2.My express app receives the parameter and decodes it to retrieve the parameter from the encoded string so that I can do a lookup of the customer.
My approach
1.When sending the mail I generate a base64 encoded string that uses the customer_id + '~' + customer_name as the url parameter on the mail I send out.
I also url encode the string.
2.When the user clicks the url and the request gets to my express server I decode the string to retrieve the customer details (customer_id and customer_name) then do a lookup for the customer.
The information I'm displaying is semi sensitive so I don't want anybody tampering with the url to see another client information.
Is my approach correct?
Thank you guys!
This is not that secure. Since you mentioned you are concatenating customer ID + name and just converting to base64, a knowledgeable user could simply decode it and then try variations to "potentially" access other users records.
As a general rule of thumb is not to pass any customer info as link parameter if its sensitive. Instead, create a UUID and store in against the customer record. I personally even set TTL on this UUID. Its a bit more harder to guess and a bit more secure. Then pass that as the link's parameter which could be used for lookup and further processing.
Hope this helps!
While the original approach is not secure, using MongoDB's ID's is not secure either. See this related question.
Unfortunately, MongoDB ID's are guessable, as they were not designed to be used as a source of entropy.
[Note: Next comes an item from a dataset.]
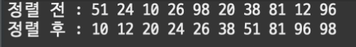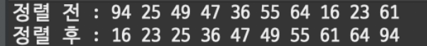 + 앞에서 뒤에꺼를 비교하는것이 정석 -> 정석 == 오름차순

But it really depends on the value of what you are protecting with these URL's, and how much you are willing to compromise security for the sake of convenience. MongoDB ID's are certainly better than the original approach, and may be secure enough for you to be willing to accept the risk.
But if I saw that in your application while performing a security audit, I would mark it as a weakness and recommend that you use a Cryptographically Secure Psuedo-Random Number Generator ( CSPRNG ) such as /dev/urandom.